Secondary chain 1 of 6:
-------------------------
Chain start time: Mon Nov 7 09:03:03 2016
Chain end time: Mon Nov 7 09:03:03 2016
Number of contained backup sets: 1
Total number of contained volumes: 2
Type of backup set: Time: Num volumes:
Full Mon Nov 7 09:03:03 2016 2
-------------------------
Secondary chain 2 of 6:
-------------------------
Chain start time: Wed Nov 9 18:09:07 2016
Chain end time: Wed Nov 9 18:09:07 2016
Number of contained backup sets: 1
Total number of contained volumes: 11
Type of backup set: Time: Num volumes:
Full Wed Nov 9 18:09:07 2016 11
-------------------------
Secondary chain 3 of 6:
-------------------------
Chain start time: Thu Nov 10 09:56:24 2016
Chain end time: Sat Dec 10 09:44:31 2016
Number of contained backup sets: 31
Total number of contained volumes: 41
Type of backup set: Time: Num volumes:
Full Thu Nov 10 09:56:24 2016 11
Incremental Fri Nov 11 10:34:56 2016 1
Incremental Sat Nov 12 09:59:47 2016 1
Incremental Sun Nov 13 09:57:15 2016 1
Incremental Mon Nov 14 09:48:31 2016 1
[...]
After listing all chains:
Also found 0 backup sets not part of any chain, and 1 incomplete backup set.
These may be deleted by running duplicity with the "cleanup" command.
This was only the backup part. It takes hours doing this and only 10 minutes to upload 37 GiB to S3.
ElapsedTime 639.59 (10 minutes 39.59 seconds)
SourceFiles 288
SourceFileSize 40370795351 (37.6 GB)
Then comes the cleanup, that gives me this:
Cleaning up
Local and Remote metadata are synchronized, no sync needed.

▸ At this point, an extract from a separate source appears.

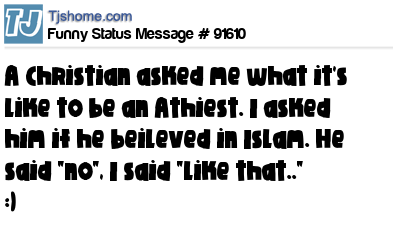 X A Christian asked me what it's like to be an Athiest. I asked him if he beileved in Islam. He said "no", I said "like that.." :)
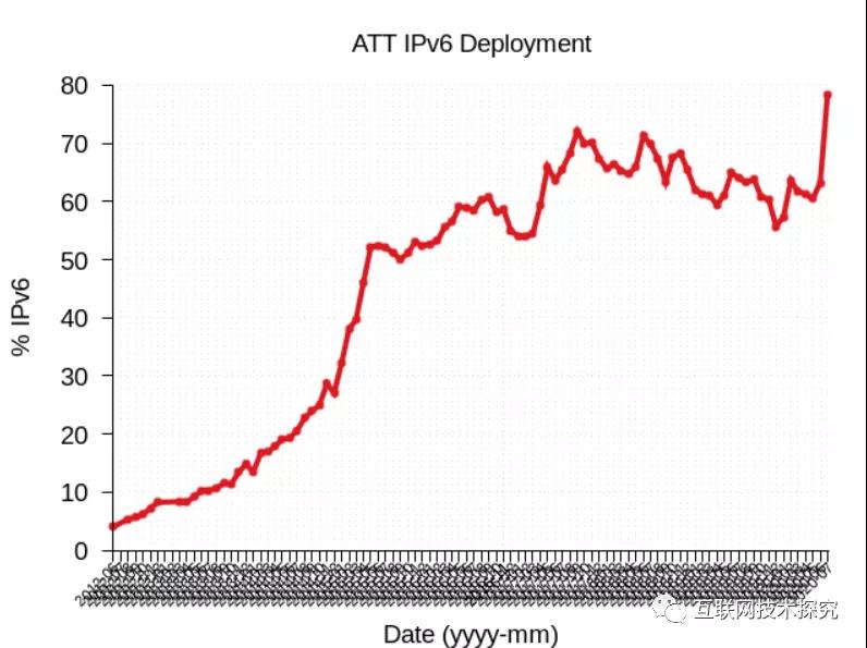 因此,他(tā)們的(de)IPv6流量增加(jia)顯著,超過(guo)65%的(de)用(yong)戶(hu)使用(yong)IPv6(圖9)。美國(guo)運營(ying)商(shang)AT&T的(de)IPv6部(bu)署率達到(dao)了(le)80%(圖10)。

Warning, found incomplete backup sets, probably left from aborted session
Last full backup date: Sun Mar 12 09:54:00 2017
There are backup set(s) at time(s):
Tue Jan 10 09:58:05 2017
Wed Jan 11 09:54:03 2017
Thu Jan 12 09:56:42 2017
Fri Jan 13 10:05:05 2017
Sat Jan 14 10:24:54 2017
Sun Jan 15 09:49:31 2017
Mon Jan 16 09:39:41 2017
Tue Jan 17 09:59:05 2017
Wed Jan 18 09:59:56 2017
Thu Jan 19 10:01:51 2017
Fri Jan 20 09:35:30 2017
Sat Jan 21 09:53:26 2017
Sun Jan 22 09:48:57 2017
Mon Jan 23 09:38:45 2017
Tue Jan 24 09:54:29 2017
Which can't be deleted because newer sets depend on them.
Found old backup chains at the following times:
Mon Nov 7 09:03:03 2016
Wed Nov 9 18:09:07 2016
Sat Dec 10 09:44:31 2016
Mon Jan 9 10:04:51 2017
Rerun command with --force option to actually delete.
I found the problem. Because of an issue, I followed this answer, and added this code to my script:
rm -rf ~/.cache/deja-dup/*
rm -rf ~/.cache/duplicity/*
This is supposed to be a one time thing because of random bug duplicity had. But the answer didn't mention this. So every day the script was removing the cache just after syncing the cache, and then, on the next day it had to download the whole thing again.